When the trencher engages lightly packed soil, the reduced loading on chain 16 allows the engine speed to increase until it exceeds the reference 38 at which time electronic control 40 signals stroker 22 to increase the flow to motor 20 and in turn the vehicle speed. This electrically-sensed adjustment to the hydraulic system takes place very quickly, in a fraction of a second, on the order of 1/800th of a second, which is much faster than any human adjustment could be made. With a set throttle speed on motor 12, and a pre-selected standard 38, the operator can set the trencher control system 10 to a constant horsepower output regardless of the terrain conditions encountered. Operating a trencher at its maximum horsepower output with a system of this nature can increase the output of the trencher thirty percent over that of any manually controlled trencher with a skilled operator. The speed of sensing and adjusting stroker 22 is so quick that the actual engine RPM will appear to the human ear to remain constant even though a wide range of digging conditions are being encountered.

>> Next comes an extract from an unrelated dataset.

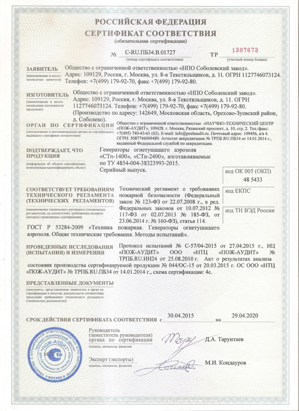 СТп-1400 - генератор огнетушащего аэрозоля предназначен для тушения пожара на подвижном составе РЖД , включая электро и дизель поезда, локомотивы.

By adjusting the system every 1/1000th of a second, systems which are operating at peak horsepower are allowed to maintain their peak power point (on a horsepower curve) under changing conditions.

Claims (2)

Having described the invention with sufficient clarity to enable those familiar with the art to construct and use it, I claim:
1. A trencher control system which varies the vehicle drive speed so as to maintain a preset torque on the digging chain as the digging conditions vary, comprising:
a prime mover;
a drive means connecting the prime mover to the digging chain;
a variable displacement pump means driven by the prime mover;
a stroker control means attached to the pump means to control the pump displacement level, including a stroker control cylinder having at least one working chamber defined by a piston in said cylinder which is spring-biased toward a neutral zero flow position; a charge pump connected to said chambers of the cylinder, a fixed orifice positioned between the charge pump and each chamber; a drain line connecting each chamber to drain, a solenoid controlled valve means positioned in each of said drain lines which varies the pressure level in said chambers;
a vehicle drive motor connected to the drive wheels of the trencher, said motor being driven by said pump means;
RPM sensing means on the prime mover;
an electronic control means which controls the solenoid of the valve means, the control means receives a signal from the prime mover RPM sensing means and compares the signal with an adjustable reference, if the signal received is less than the reference, the control means signals the solenoid to decrease the pressure level in the working chamber and decrease the pump displacement; if the signal is greater than the reference, the control means signals the solenoid to increase the pressure level in the working chamber and increase the pump displacement and further load the prime mover, whereby the control means maintains the prime mover at its peak torque output regardless of changes in the digging conditions.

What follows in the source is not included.